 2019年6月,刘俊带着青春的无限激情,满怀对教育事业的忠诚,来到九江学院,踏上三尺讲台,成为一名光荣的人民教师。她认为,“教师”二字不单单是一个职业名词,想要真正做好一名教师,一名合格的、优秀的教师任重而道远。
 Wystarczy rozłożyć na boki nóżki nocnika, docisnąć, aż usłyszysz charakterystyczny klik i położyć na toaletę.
###
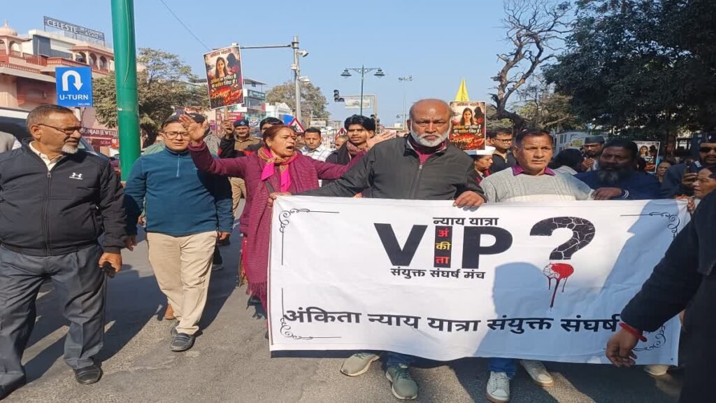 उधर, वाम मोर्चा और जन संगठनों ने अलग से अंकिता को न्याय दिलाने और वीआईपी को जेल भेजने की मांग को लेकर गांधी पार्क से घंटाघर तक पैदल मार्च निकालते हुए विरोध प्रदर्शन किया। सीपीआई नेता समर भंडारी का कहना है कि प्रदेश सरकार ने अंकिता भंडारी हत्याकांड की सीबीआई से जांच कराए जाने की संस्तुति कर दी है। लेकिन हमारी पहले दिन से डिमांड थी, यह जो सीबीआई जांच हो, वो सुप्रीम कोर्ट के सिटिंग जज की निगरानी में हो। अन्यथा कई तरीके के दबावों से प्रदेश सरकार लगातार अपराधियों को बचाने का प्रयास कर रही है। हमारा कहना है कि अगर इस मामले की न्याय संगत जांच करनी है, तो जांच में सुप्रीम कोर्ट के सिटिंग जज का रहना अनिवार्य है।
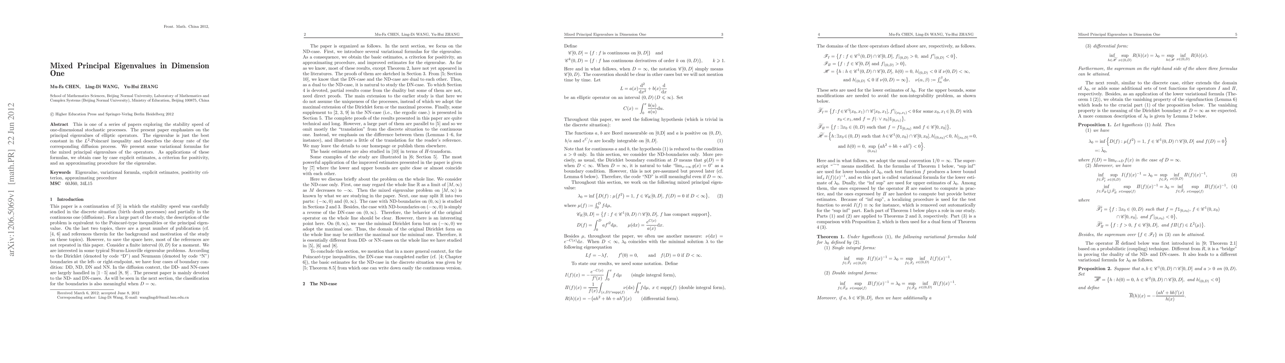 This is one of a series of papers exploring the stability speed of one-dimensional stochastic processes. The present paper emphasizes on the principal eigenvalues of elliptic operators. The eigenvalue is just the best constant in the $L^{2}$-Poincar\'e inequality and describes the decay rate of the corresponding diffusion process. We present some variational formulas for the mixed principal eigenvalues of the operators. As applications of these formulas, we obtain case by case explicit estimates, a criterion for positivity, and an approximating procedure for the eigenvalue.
###
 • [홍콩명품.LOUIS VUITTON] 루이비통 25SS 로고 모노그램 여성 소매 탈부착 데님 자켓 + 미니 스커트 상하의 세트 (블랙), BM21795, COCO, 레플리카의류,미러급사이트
###
*Directions*.
Look through the data above and return exactly the lines from the one that contains "2019年6月,刘俊带着青春" to the one that contains "Wystarczy rozłożyć na", inclusive, with nothing else.

*Result of this exercise*.
 2019年6月,刘俊带着青春的无限激情,满怀对教育事业的忠诚,来到九江学院,踏上三尺讲台,成为一名光荣的人民教师。她认为,“教师”二字不单单是一个职业名词,想要真正做好一名教师,一名合格的、优秀的教师任重而道远。
 Wystarczy rozłożyć na boki nóżki nocnika, docisnąć, aż usłyszysz charakterystyczny klik i położyć na toaletę.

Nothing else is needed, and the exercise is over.